Astonishingly, the word ‘capitalism’ is absent from the book’s index, though there is much discussion of industrialisation and industrialists (i.e. capitalists). It is all very well to say that ‘Change is caused by lazy, greedy, frightened people looking for easier, more profitable, and safer ways to do things’, but there needs to be explicit recognition that this often involves people getting others to work for them, and so exploiting them. Life for the earliest workers in capitalist factories was in no way easy or safe, and the profits went to the owners, not to those who toiled in the factories. The owners were not so much lazy and frightened as hungry for wealth and power.

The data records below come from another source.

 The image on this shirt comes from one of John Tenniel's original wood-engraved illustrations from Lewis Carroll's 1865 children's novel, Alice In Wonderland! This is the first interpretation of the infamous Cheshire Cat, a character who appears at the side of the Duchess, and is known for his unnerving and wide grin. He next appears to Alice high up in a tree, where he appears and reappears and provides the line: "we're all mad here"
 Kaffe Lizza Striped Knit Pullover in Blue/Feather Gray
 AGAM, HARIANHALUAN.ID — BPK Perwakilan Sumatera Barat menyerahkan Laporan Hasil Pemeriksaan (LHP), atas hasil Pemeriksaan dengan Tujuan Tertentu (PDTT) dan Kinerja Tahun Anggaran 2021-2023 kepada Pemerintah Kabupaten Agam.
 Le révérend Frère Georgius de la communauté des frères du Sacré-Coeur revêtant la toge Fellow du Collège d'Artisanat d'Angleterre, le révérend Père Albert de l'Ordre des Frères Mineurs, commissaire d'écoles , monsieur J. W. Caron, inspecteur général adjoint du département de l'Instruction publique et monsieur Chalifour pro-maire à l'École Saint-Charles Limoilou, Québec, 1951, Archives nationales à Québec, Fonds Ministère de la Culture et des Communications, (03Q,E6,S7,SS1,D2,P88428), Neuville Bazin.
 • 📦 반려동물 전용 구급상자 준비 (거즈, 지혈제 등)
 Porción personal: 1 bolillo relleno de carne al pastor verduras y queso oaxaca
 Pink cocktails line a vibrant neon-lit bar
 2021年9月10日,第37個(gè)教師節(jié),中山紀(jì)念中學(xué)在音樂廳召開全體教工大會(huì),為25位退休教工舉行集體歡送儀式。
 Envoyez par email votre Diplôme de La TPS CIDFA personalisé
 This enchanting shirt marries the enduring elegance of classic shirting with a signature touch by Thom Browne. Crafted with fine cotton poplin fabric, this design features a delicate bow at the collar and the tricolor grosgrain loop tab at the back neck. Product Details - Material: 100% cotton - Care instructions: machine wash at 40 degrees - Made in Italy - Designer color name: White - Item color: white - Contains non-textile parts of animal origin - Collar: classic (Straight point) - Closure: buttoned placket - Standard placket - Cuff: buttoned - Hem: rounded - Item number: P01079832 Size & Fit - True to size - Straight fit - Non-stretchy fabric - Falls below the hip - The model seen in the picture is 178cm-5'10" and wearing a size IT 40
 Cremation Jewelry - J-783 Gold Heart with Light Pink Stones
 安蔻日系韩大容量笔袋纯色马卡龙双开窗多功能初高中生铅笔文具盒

Marx attributed the growth of the industrial working class to deliberate acts by the capitalists, fencing off the countryside and so driving people into towns to labour as propertyless wage workers. Rather, says Morris, it was due to increases in life expectancy and hence in population (Britain’s more or less doubled between 1780 and 1830). But he does not seem to deny that the rural dispossession took place, and it clearly contributed to the availability of urban workers as a labour force to be exploited by the new lords of capital.
One thing the book does show is that societal arrangements are never permanent. We could turn its theme around and say that the capitalists rule – but only for now.